In the 2014 season, after recording just 2 sacks over the first 10 games, Avril would register 3 in the last 6 games, coinciding with a 6-game winning streak during which the Seahawks defense allowed a total of 39 points. On December 19, 2014, Avril signed a 4-year extension with the Seahawks worth $28.5 million. Avril would also register a sack in the divisional round playoff game against the Carolina Panthers and NFC Championship game against the Green Bay Packers, both Seahawk victories. In Super Bowl XLIX, Avril recorded 2 tackles, but left in the third quarter with a concussion and did not return. The Seahawks failed to repeat as Super Bowl champions as they lost 28–24 to the New England Patriots.

In the 2015 season, Avril was evaluated by Pro Football Focus as the fifth best edge defender in the league at the halfway point of the season. Through those eight games, Avril recorded 30 tackles (20 solo), 3.5 sacks, 1 forced fumble, 5 pass deflections, and 5 tackles for loss.

In the 2016 season, Avril was named NFC Defensive Player of the Month for October. He was also named to his first Pro Bowl, and was ranked 56th by his peers on the NFL Top 100 Players of 2017.

In Week 4 of the 2017 season, Avril suffered a serious neck injury in the first quarter of Seattle's 46–18 win over the Indianapolis Colts. He was inadvertently kicked in his chin against the Colts and had been experiencing numbness in his arms.
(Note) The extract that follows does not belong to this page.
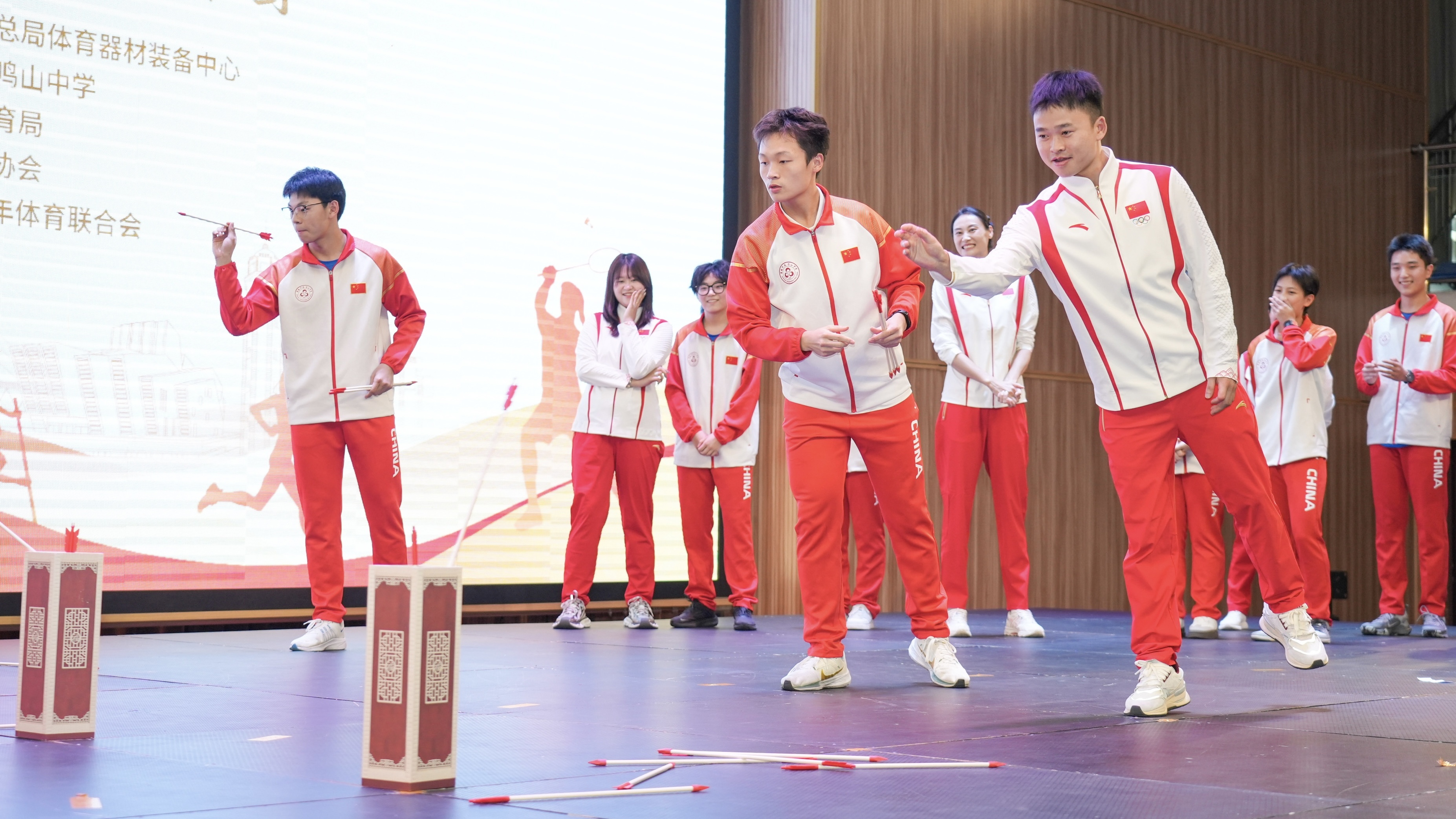 在“冠军大讲堂”环节中,谢瑜、张琼月分享了赛场中的难忘经历,鼓励同学们正确看待输赢,保持冷静和从容心态。凤鸣山中学校友许双双与队友李玲一起回顾了运动生涯的艰辛与荣耀,激励学弟学妹们克服困难,坚韧不拔。“放弃和坚持就在一瞬间,希望大家始终不忘初心”。张亚雯为同学们述说自己的体育梦想,并鼓励所有的青少年勇于挑战,追求卓越。运动员们的讲述不仅展现了不懈努力的拼搏精神和积极向上的心态,更鼓舞了同学们树立正确的价值观和人生目标,成为对社会有贡献的新时代青年。在随后的互动环节中,同学们踊跃参与,与运动员们分组进行投壶、闭眼单脚站和羽毛球趣味击球小游戏,考验了大家的精准性、灵敏度、耐力等体能素质与合作精神,现场加油声、欢笑声此起彼伏,运动员与师生们共同沉浸在体育带来的乐趣之中。

Seahawks head coach Pete Carroll commented on the injury saying Avril will be out "a while". He was placed on injured reserve on October 20, 2017.

On May 4, 2018, the Seahawks released Avril with a failed physical designation.

==NFL career statistics==

Legend
|  | Won the Super Bowl |
| Bold | Career high |

===Regular season===

Year: Team; GP; Tackles; Fumbles; Interceptions; Other
Comb: Solo; Ast; Sack; FF; FR; Yds; Int; Yds; Avg; Lng; TD; PD; Stf; Yds; KB
2008: DET; 15; 23; 18; 5; 5.0; 4; 1; 0; 0; 0; 0; 0; 0; 0; 3; 4; 0
2009: DET; 13; 41; 27; 14; 5.5; 3; 0; 0; 0; 0; 0; 0; 0; 3; 3; 8; 0
2010: DET; 13; 33; 23; 10; 8.5; 1; 1; 10; 0; 0; 0; 0; 0; 5; 1; 8; 0
2011: DET; 16; 36; 29; 7; 11.0; 6; 3; 24; 1; 4; 4; 4; 1; 4; 2; 5; 0
2012: DET; 16; 35; 28; 7; 9.5; 2; 0; 0; 0; 0; 0; 0; 0; 1; 4; 40; 0
2013: SEA; 15; 20; 14; 6; 8.0; 6; 1; 0; 0; 0; 0; 0; 0; 4; 2; 2; 0
2014: SEA; 16; 22; 15; 7; 5.0; 1; 1; 0; 0; 0; 0; 0; 0; 2; 4; 8; 0
2015: SEA; 16; 47; 31; 16; 9.0; 2; 0; 0; 0; 0; 0; 0; 0; 7; 7; 17; 0
2016: SEA; 16; 39; 20; 19; 11.5; 5; 0; 0; 0; 0; 0; 0; 0; 3; 1; 5; 0
2017: SEA; 4; 2; 2; 0; 1.0; 0; 0; 0; 0; 0; 0; 0; 0; 0; 0; 0; 0
Total: 140; 298; 207; 91; 74.0; 30; 7; 44; 1; 4; 4; 4; 1; 29; 27; 97; 0

==Post-playing career==

Avril was a guest in Germany during the NFL Trophy Tour 2018, including in Hamburg and Cologne.